These letters and reviews will be weighed carefully by a panel of Reed professors who were elected to our institution’s Committee for Advancement and Tenure. Late this coming fall, the committee will send a decision to our college president and me. Getting a negative tenure decision isn’t the end of the world — often, it just means that a professor would be happier at another institution, and it can open exciting new doors. But that doesn’t make the process any less stressful, and of course I would be thrilled to get a positive decision.

So I am writing The Packet. But aside from writing, and doing personal and activist work surrounding the Black Lives Matter movement, I have been a little … lazy. Bright summer days spent hitting the “next episode” button on my remote until the light wanes outside my window. Sleeping in late. Playing Candy Crush until my eyes hurt. Eating my latchkey kid comfort foods like SpaghettiOs (with meatballs), barritas de piña and Kraft Mac & Cheese. I am lucky that my wife has an understanding and loving nature.

I think this laziness is part of just letting go for a minute. An unconscious stepping away from the constant productivity, investment, planning and achieving that has been my life for the past 17 years since getting that GED and embarking on the academic scientist track. As I write this painstakingly organized biography of my professional life, so many feelings bubble up and demand to be processed. It is hard to believe this moment has arrived. I have felt joy but also plenty of anxiety and hurt as I struggled to understand an academic world that many of my more privileged colleagues seem to navigate intuitively.

More than anything, I find myself making notes of what I would want to tell a new assistant professor starting on the tenure track — particularly a person from a marginalized group. So I’ll take a moment here to share some hard-earned techniques and tips that helped me find balance as a nontraditional person in academia embarking on the tenure journey.

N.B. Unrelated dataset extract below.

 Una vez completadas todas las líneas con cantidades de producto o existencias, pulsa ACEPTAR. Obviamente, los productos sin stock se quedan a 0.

The broadest bit of advice for a new hire is to practice self-compassion. Would we talk to a dear friend in the same way that we often negatively talk to ourselves? No! Incorporating self-compassion into my day-to-day life has reduced my feelings of inadequacy and anxiety dramatically and has allowed me to forgive myself in deep ways. I have just divulged to the entire ASBMB Today readership that I sometimes waste full days on Netflix and mega-refined carbohydrates. Most of us would cheer on a generally hard-working friend for doing the same thing and would encourage them in well-deserved indulgence. Why are we not as kind to ourselves?

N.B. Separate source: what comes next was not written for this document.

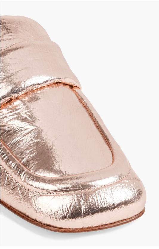 DRIES VAN NOTEN Metallic padded crinkled-leather loafers - Size 37

The add-on to that is to consider employing vulnerability. When I speak my weaknesses and fears out loud to peers and students, the monster of self-doubt and fear often is vanquished. I also have become comfortable with inducing slight discomfort in more privileged colleagues when I point out something that I was not brought up with or a difference in how I see the academic world based on my ethnic, socioeconomic and cultural differences.

Many of my intelligent and talented colleagues attended prestigious high schools and universities. Many automatically were enrolled in college preparation workshops and SAT prep courses in high school and were introduced to social networks that helped guide them to success. This was not my academic experience, and I sometimes have to point that out gently, because I can feel isolated when my colleagues are relating to one another in my presence. This is uncomfortable to do, but as a light-skinned Mexican American, I can and do use the problematic privilege of my lighter skin color to speak truth to power more easily and vulnerably. This allows folks that may not have that particular privilege to do more important things with their time. It also allows me to feel truly seen in the academy as an intersectional, multifaceted human.

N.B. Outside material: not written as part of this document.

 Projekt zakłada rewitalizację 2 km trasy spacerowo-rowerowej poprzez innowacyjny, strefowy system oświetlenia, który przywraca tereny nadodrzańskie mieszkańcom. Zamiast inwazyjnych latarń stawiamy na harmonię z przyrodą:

The above suggestions are broad. But no one told me about the day-to-day, often emotionally overwhelming grind of being a new underrepresented minority assistant professor on the tenure track.

When I began my professional appointment, I was completely unprepared for teaching: how to structure a course, how to write tests (it’s so hard), how to know if what I was doing engaged students and worked as it should. It seemed like everyone else had been a great teacher since birth. What I’ve learned since is just how personal teaching is and that a course doesn’t gel until around the third time you teach it.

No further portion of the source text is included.